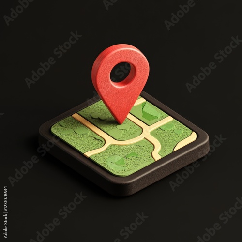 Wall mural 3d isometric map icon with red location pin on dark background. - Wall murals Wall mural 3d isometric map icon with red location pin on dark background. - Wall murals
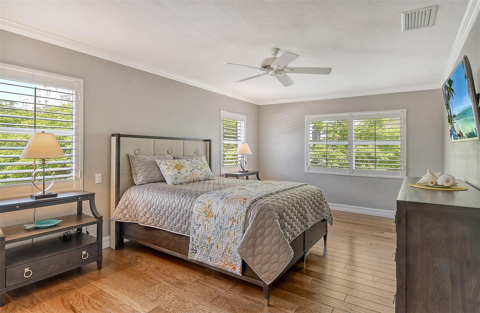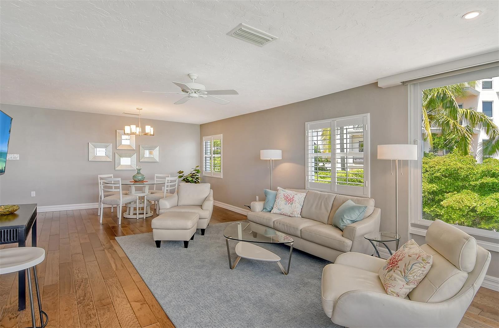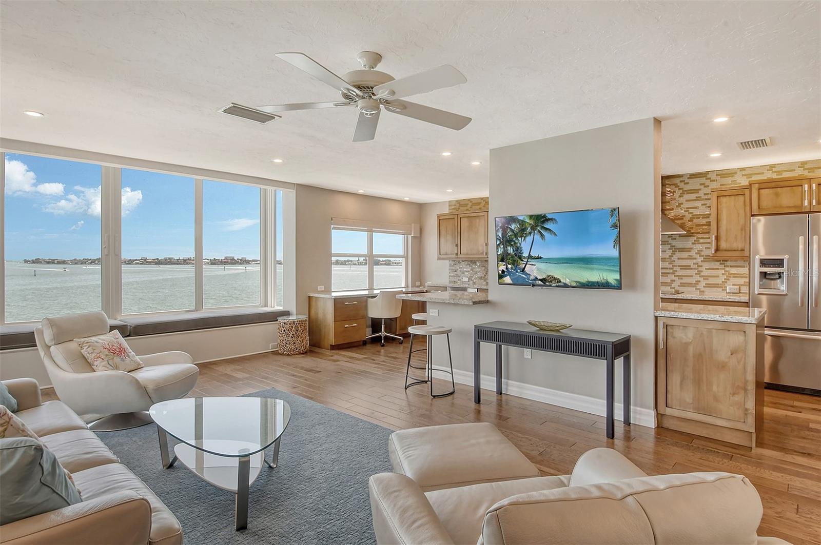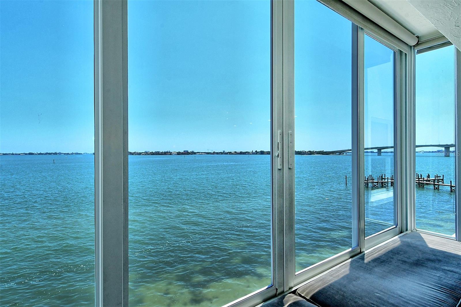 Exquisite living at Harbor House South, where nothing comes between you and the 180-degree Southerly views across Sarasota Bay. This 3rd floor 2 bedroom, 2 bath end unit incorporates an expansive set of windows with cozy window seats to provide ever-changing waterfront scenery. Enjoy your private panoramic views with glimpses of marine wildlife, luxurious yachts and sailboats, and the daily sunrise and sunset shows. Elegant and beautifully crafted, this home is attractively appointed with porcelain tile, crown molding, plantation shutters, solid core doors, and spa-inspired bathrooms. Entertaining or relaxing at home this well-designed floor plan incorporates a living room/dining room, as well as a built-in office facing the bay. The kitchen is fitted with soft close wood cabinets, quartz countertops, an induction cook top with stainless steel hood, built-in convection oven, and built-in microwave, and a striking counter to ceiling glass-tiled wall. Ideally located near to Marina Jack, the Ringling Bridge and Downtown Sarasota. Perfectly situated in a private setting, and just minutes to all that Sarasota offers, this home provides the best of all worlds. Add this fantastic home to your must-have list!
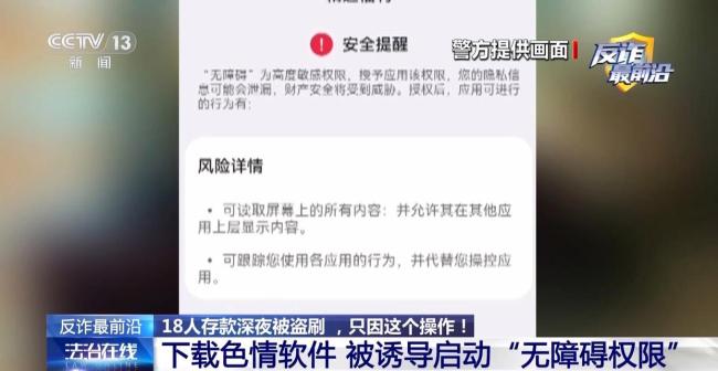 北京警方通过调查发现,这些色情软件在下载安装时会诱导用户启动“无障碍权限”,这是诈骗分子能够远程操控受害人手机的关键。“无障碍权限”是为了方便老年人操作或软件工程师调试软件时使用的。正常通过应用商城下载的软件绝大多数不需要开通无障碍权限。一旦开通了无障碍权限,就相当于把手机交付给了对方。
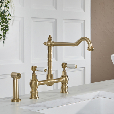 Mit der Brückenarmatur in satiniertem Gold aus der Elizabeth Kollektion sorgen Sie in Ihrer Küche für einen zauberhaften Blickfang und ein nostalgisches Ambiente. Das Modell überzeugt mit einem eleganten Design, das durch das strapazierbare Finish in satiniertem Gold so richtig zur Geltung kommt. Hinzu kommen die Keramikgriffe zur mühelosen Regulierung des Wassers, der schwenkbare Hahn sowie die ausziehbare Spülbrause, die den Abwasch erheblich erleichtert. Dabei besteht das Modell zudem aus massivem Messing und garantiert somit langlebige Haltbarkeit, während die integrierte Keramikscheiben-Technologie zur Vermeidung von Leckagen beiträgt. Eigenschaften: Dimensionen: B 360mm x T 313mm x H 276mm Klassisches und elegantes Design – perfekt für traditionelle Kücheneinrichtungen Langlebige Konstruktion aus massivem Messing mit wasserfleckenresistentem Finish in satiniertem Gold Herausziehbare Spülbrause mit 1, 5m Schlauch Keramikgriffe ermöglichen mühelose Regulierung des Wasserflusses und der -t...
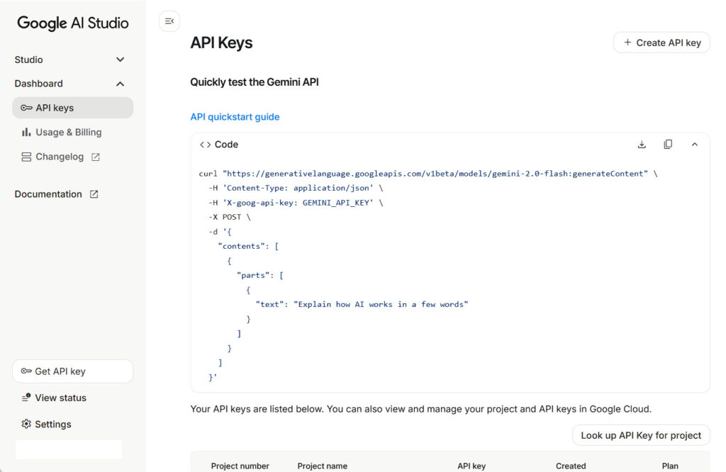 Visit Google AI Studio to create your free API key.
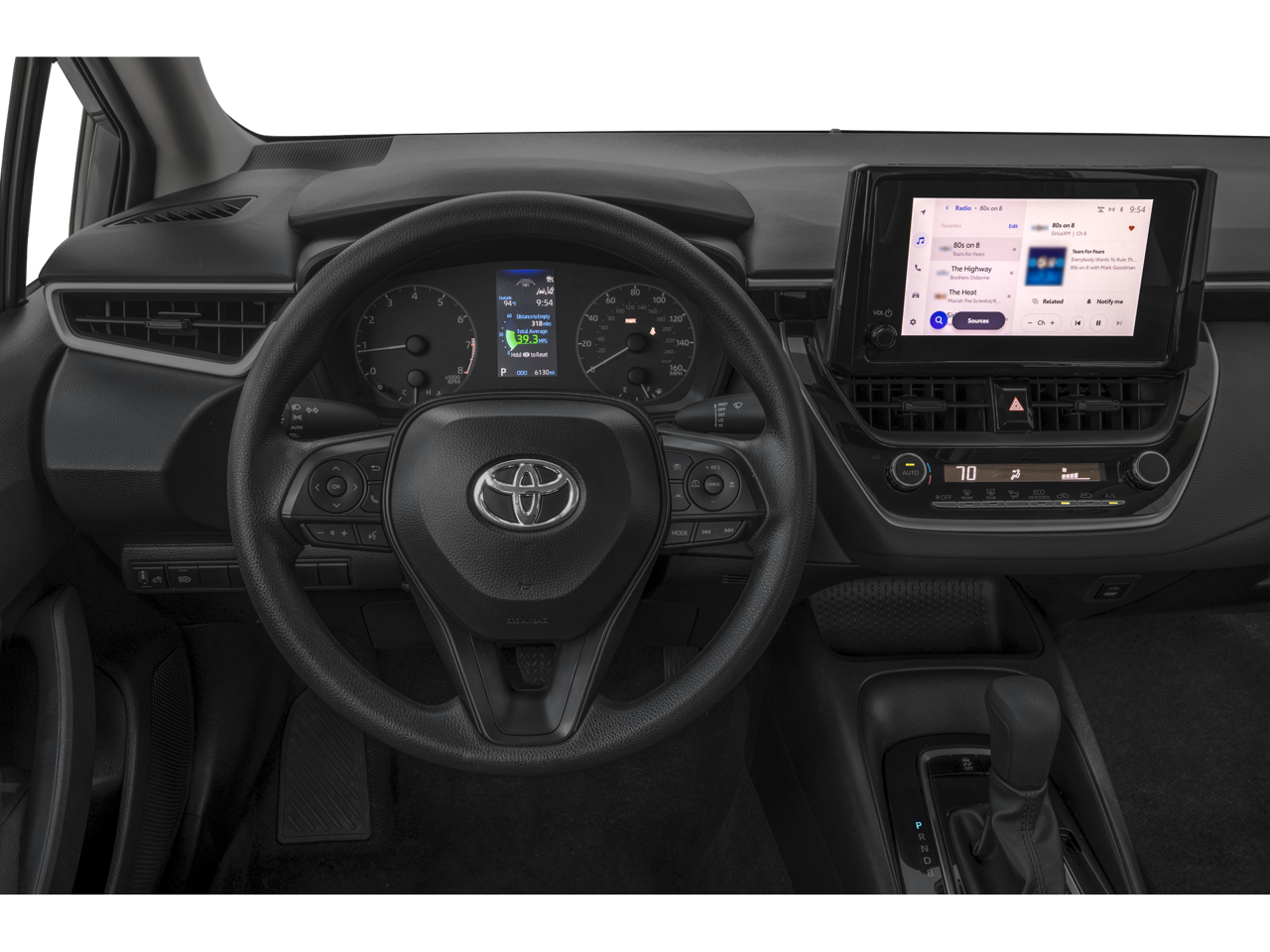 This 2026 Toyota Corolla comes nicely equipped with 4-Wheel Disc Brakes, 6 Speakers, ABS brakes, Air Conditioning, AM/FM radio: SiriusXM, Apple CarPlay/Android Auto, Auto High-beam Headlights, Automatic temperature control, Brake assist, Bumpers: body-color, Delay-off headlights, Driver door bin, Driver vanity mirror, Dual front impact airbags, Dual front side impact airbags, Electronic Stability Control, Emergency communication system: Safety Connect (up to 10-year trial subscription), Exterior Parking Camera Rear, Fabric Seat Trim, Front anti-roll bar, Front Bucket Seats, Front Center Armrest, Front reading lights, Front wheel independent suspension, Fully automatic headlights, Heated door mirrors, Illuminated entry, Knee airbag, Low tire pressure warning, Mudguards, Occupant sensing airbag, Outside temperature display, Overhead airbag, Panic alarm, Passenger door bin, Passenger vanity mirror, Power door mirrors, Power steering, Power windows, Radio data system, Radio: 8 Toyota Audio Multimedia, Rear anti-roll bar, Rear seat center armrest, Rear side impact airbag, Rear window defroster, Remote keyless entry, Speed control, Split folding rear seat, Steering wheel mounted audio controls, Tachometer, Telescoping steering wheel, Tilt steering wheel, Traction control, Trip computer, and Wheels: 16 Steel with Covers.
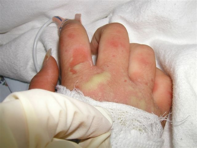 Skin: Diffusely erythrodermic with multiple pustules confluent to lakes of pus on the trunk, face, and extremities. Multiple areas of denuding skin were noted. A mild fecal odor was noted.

- [Task statement] From the records given above, reproduce all text exactly and exclude each picture.

- [Task answer]
 Wall mural 3d isometric map icon with red location pin on dark background. - Wall murals Wall mural 3d isometric map icon with red location pin on dark background. - Wall murals
 Exquisite living at Harbor House South, where nothing comes between you and the 180-degree Southerly views across Sarasota Bay. This 3rd floor 2 bedroom, 2 bath end unit incorporates an expansive set of windows with cozy window seats to provide ever-changing waterfront scenery. Enjoy your private panoramic views with glimpses of marine wildlife, luxurious yachts and sailboats, and the daily sunrise and sunset shows. Elegant and beautifully crafted, this home is attractively appointed with porcelain tile, crown molding, plantation shutters, solid core doors, and spa-inspired bathrooms. Entertaining or relaxing at home this well-designed floor plan incorporates a living room/dining room, as well as a built-in office facing the bay. The kitchen is fitted with soft close wood cabinets, quartz countertops, an induction cook top with stainless steel hood, built-in convection oven, and built-in microwave, and a striking counter to ceiling glass-tiled wall. Ideally located near to Marina Jack, the Ringling Bridge and Downtown Sarasota. Perfectly situated in a private setting, and just minutes to all that Sarasota offers, this home provides the best of all worlds. Add this fantastic home to your must-have list!
 北京警方通过调查发现,这些色情软件在下载安装时会诱导用户启动“无障碍权限”,这是诈骗分子能够远程操控受害人手机的关键。“无障碍权限”是为了方便老年人操作或软件工程师调试软件时使用的。正常通过应用商城下载的软件绝大多数不需要开通无障碍权限。一旦开通了无障碍权限,就相当于把手机交付给了对方。
 Mit der Brückenarmatur in satiniertem Gold aus der Elizabeth Kollektion sorgen Sie in Ihrer Küche für einen zauberhaften Blickfang und ein nostalgisches Ambiente. Das Modell überzeugt mit einem eleganten Design, das durch das strapazierbare Finish in satiniertem Gold so richtig zur Geltung kommt. Hinzu kommen die Keramikgriffe zur mühelosen Regulierung des Wassers, der schwenkbare Hahn sowie die ausziehbare Spülbrause, die den Abwasch erheblich erleichtert. Dabei besteht das Modell zudem aus massivem Messing und garantiert somit langlebige Haltbarkeit, während die integrierte Keramikscheiben-Technologie zur Vermeidung von Leckagen beiträgt. Eigenschaften: Dimensionen: B 360mm x T 313mm x H 276mm Klassisches und elegantes Design – perfekt für traditionelle Kücheneinrichtungen Langlebige Konstruktion aus massivem Messing mit wasserfleckenresistentem Finish in satiniertem Gold Herausziehbare Spülbrause mit 1, 5m Schlauch Keramikgriffe ermöglichen mühelose Regulierung des Wasserflusses und der -t...
 Visit Google AI Studio to create your free API key.
 This 2026 Toyota Corolla comes nicely equipped with 4-Wheel Disc Brakes, 6 Speakers, ABS brakes, Air Conditioning, AM/FM radio: SiriusXM, Apple CarPlay/Android Auto, Auto High-beam Headlights, Automatic temperature control, Brake assist, Bumpers: body-color, Delay-off headlights, Driver door bin, Driver vanity mirror, Dual front impact airbags, Dual front side impact airbags, Electronic Stability Control, Emergency communication system: Safety Connect (up to 10-year trial subscription), Exterior Parking Camera Rear, Fabric Seat Trim, Front anti-roll bar, Front Bucket Seats, Front Center Armrest, Front reading lights, Front wheel independent suspension, Fully automatic headlights, Heated door mirrors, Illuminated entry, Knee airbag, Low tire pressure warning, Mudguards, Occupant sensing airbag, Outside temperature display, Overhead airbag, Panic alarm, Passenger door bin, Passenger vanity mirror, Power door mirrors, Power steering, Power windows, Radio data system, Radio: 8 Toyota Audio Multimedia, Rear anti-roll bar, Rear seat center armrest, Rear side impact airbag, Rear window defroster, Remote keyless entry, Speed control, Split folding rear seat, Steering wheel mounted audio controls, Tachometer, Telescoping steering wheel, Tilt steering wheel, Traction control, Trip computer, and Wheels: 16 Steel with Covers.
 Skin: Diffusely erythrodermic with multiple pustules confluent to lakes of pus on the trunk, face, and extremities. Multiple areas of denuding skin were noted. A mild fecal odor was noted.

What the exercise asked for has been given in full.